## TASK REQUIREMENTS:
What is needed is an exact transcription of the listing, with the images removed.

## DATA BLOCK:
*** Block opens ***

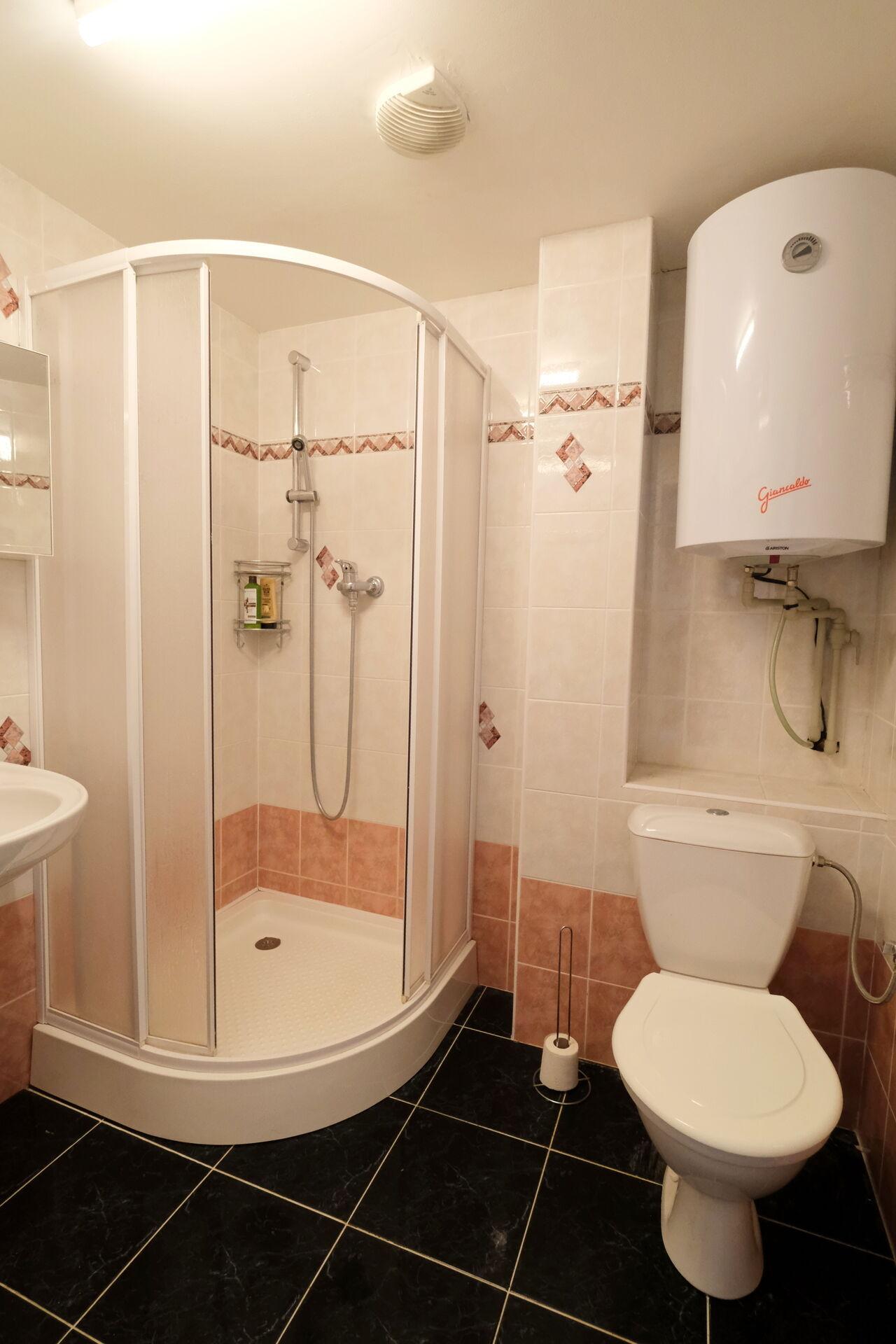 Apartmán je prakticky řešený, z předsíně vedou samostatné vchody do ložnice, koupelny i obývacího prostoru. K ložnici patří balkon, odkud máte krásný výhled do klidu - na vlastní pozemek, přes vzrostlé stromy vidíte vodní plochu přehrady. Ložnice je vybavena velkou vestavnou skříní z kvalitního materiálu se zrcadlem. V obývacím pokoji je prosklená stěna, která byt velmi příjemně prosvětlí a zároveň odtud máte možnost sledovat západ slunce. Prostorný kuchyňský kout je vybaven kvalitní kuchyňskou linkou vyrobenou na míru s vesavěnými spotřebiči.
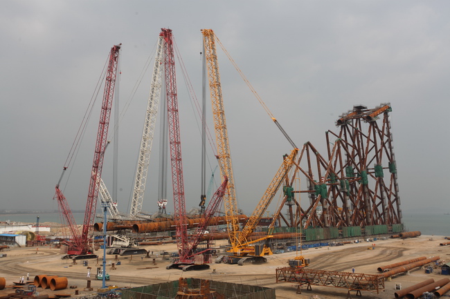 5月15日,在山東蓬萊,徐工千噸級履帶起重機(jī)再次挑戰(zhàn)海洋工程吊裝極限,與德馬克3臺履帶起重機(jī)同臺秀技,高負(fù)載行走,將長約60米,重達(dá)800余噸的結(jié)構(gòu)件,順利嫁接到200多米遠(yuǎn)的導(dǎo)管架上,完成吊裝史上難度最大的一次施工?!斑@是一次高難度的吊裝,在此前,我們想盡一切包括用龍門吊、平移車等的方法,都無法實(shí)現(xiàn),最終選擇了四臺連吊的方案”海灣集團(tuán)董事長于利民介紹說。
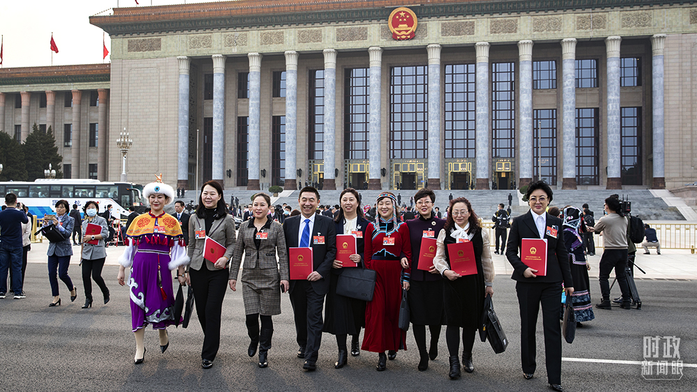 △2021年3月11日,十三届全国人大四次会议闭幕会后,代表们走出人民大会堂。(图/视觉中国)

*** Block closes ***

## WRITTEN SOLUTION:
 Apartmán je prakticky řešený, z předsíně vedou samostatné vchody do ložnice, koupelny i obývacího prostoru. K ložnici patří balkon, odkud máte krásný výhled do klidu - na vlastní pozemek, přes vzrostlé stromy vidíte vodní plochu přehrady. Ložnice je vybavena velkou vestavnou skříní z kvalitního materiálu se zrcadlem. V obývacím pokoji je prosklená stěna, která byt velmi příjemně prosvětlí a zároveň odtud máte možnost sledovat západ slunce. Prostorný kuchyňský kout je vybaven kvalitní kuchyňskou linkou vyrobenou na míru s vesavěnými spotřebiči.
 5月15日,在山東蓬萊,徐工千噸級履帶起重機(jī)再次挑戰(zhàn)海洋工程吊裝極限,與德馬克3臺履帶起重機(jī)同臺秀技,高負(fù)載行走,將長約60米,重達(dá)800余噸的結(jié)構(gòu)件,順利嫁接到200多米遠(yuǎn)的導(dǎo)管架上,完成吊裝史上難度最大的一次施工?!斑@是一次高難度的吊裝,在此前,我們想盡一切包括用龍門吊、平移車等的方法,都無法實(shí)現(xiàn),最終選擇了四臺連吊的方案”海灣集團(tuán)董事長于利民介紹說。
 △2021年3月11日,十三届全国人大四次会议闭幕会后,代表们走出人民大会堂。(图/视觉中国)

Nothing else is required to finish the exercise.